Start of SOURCE MATERIAL

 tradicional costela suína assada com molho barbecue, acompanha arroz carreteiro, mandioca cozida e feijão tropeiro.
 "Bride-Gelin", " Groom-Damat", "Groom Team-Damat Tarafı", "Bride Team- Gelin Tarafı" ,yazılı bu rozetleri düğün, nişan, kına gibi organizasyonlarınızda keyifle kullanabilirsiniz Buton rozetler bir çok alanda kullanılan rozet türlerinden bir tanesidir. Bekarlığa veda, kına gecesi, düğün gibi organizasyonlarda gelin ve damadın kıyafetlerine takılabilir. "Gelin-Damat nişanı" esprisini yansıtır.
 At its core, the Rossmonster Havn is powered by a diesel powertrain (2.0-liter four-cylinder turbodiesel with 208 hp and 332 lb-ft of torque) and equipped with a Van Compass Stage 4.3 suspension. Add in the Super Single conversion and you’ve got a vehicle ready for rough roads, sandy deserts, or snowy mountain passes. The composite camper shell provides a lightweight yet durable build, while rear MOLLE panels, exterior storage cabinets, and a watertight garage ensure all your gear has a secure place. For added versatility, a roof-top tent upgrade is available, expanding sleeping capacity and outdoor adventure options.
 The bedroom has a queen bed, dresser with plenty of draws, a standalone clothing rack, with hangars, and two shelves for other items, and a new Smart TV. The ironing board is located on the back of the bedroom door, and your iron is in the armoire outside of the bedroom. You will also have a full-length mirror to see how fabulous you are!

End of SOURCE MATERIAL
Start of SOURCE MATERIAL

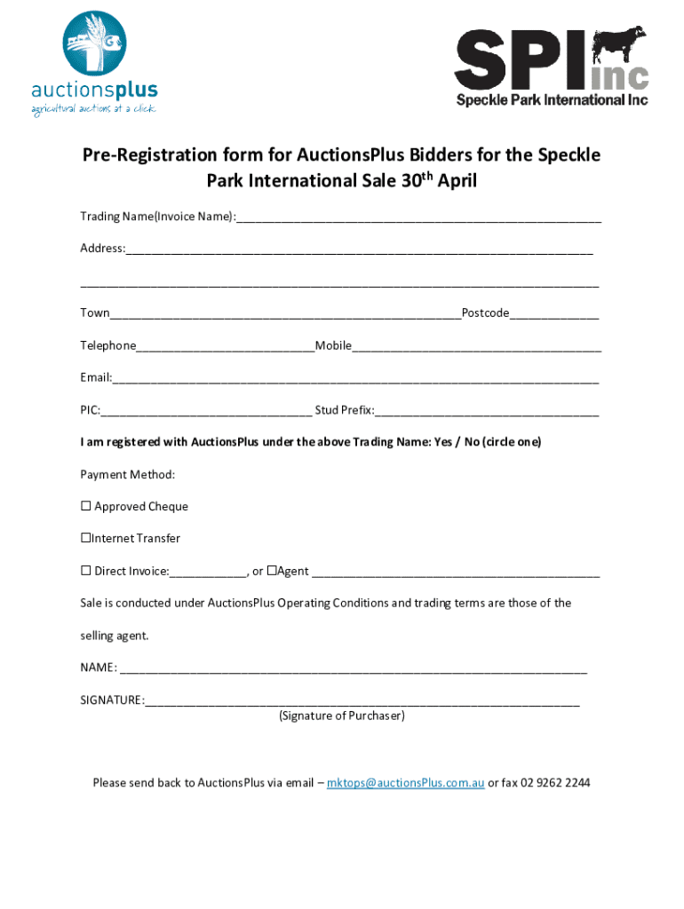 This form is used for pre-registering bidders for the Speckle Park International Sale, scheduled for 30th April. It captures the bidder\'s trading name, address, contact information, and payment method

End of SOURCE MATERIAL
Start of SOURCE MATERIAL

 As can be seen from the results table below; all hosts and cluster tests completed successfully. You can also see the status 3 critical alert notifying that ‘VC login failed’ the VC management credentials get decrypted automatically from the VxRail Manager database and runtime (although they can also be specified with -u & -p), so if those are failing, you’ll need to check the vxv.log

End of SOURCE MATERIAL

* PROBLEM DETAILS
Could you restate word for word the lines above from the one containing "tradicional costela suína" through the one containing "düğün, nişan, kına", both included, and nothing else?

* REPLY TO THE TASK
 tradicional costela suína assada com molho barbecue, acompanha arroz carreteiro, mandioca cozida e feijão tropeiro.
 "Bride-Gelin", " Groom-Damat", "Groom Team-Damat Tarafı", "Bride Team- Gelin Tarafı" ,yazılı bu rozetleri düğün, nişan, kına gibi organizasyonlarınızda keyifle kullanabilirsiniz Buton rozetler bir çok alanda kullanılan rozet türlerinden bir tanesidir. Bekarlığa veda, kına gecesi, düğün gibi organizasyonlarda gelin ve damadın kıyafetlerine takılabilir. "Gelin-Damat nişanı" esprisini yansıtır.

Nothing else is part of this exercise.